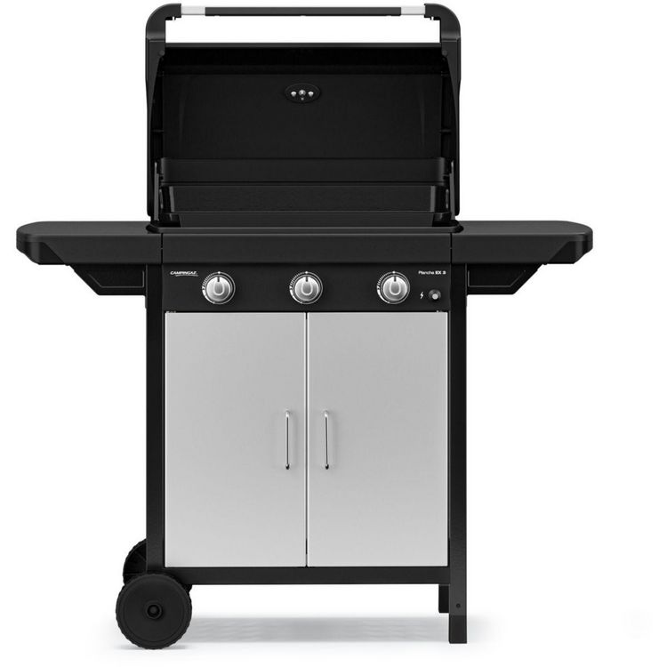 Plancha gaz EX 3 noir 3 brûleurs sur chariot couvercle de cuissson, 60x35 cm
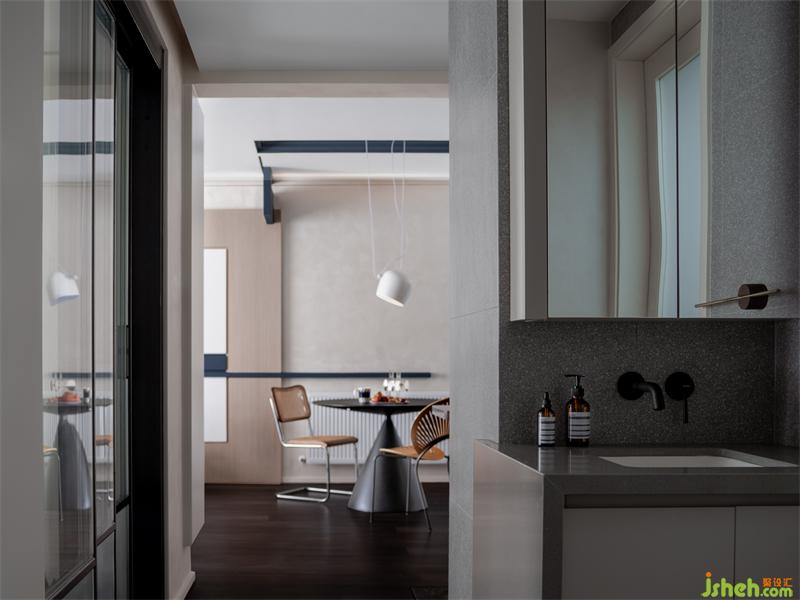 廚房墻面局部拆除,以開放形態(tài)展開。以玄關(guān)為開端設(shè)計(jì)出吧臺(tái),餐后在吧臺(tái)處小酌閑飲,將屋主向往的閑適生活進(jìn)行具象化表達(dá)。
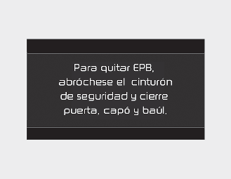 Si intenta conducir pisando el pedal del acelerador con el EPB accionado, pero no se libera automáticamente, se emitirá una advertencia una vez y aparecerá un mensaje.
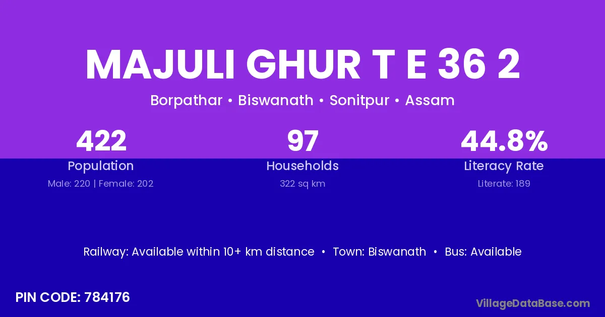 Majuli Ghur T E 36 2 village has a total population of 422 people, of which 220 are males and 202 are females.

┄┄┄┄┄┄

■ What is being asked
Everything above except the pictures must be restated exactly.

■ The answer
 Plancha gaz EX 3 noir 3 brûleurs sur chariot couvercle de cuissson, 60x35 cm
 廚房墻面局部拆除,以開放形態(tài)展開。以玄關(guān)為開端設(shè)計(jì)出吧臺(tái),餐后在吧臺(tái)處小酌閑飲,將屋主向往的閑適生活進(jìn)行具象化表達(dá)。
 Si intenta conducir pisando el pedal del acelerador con el EPB accionado, pero no se libera automáticamente, se emitirá una advertencia una vez y aparecerá un mensaje.
 Majuli Ghur T E 36 2 village has a total population of 422 people, of which 220 are males and 202 are females.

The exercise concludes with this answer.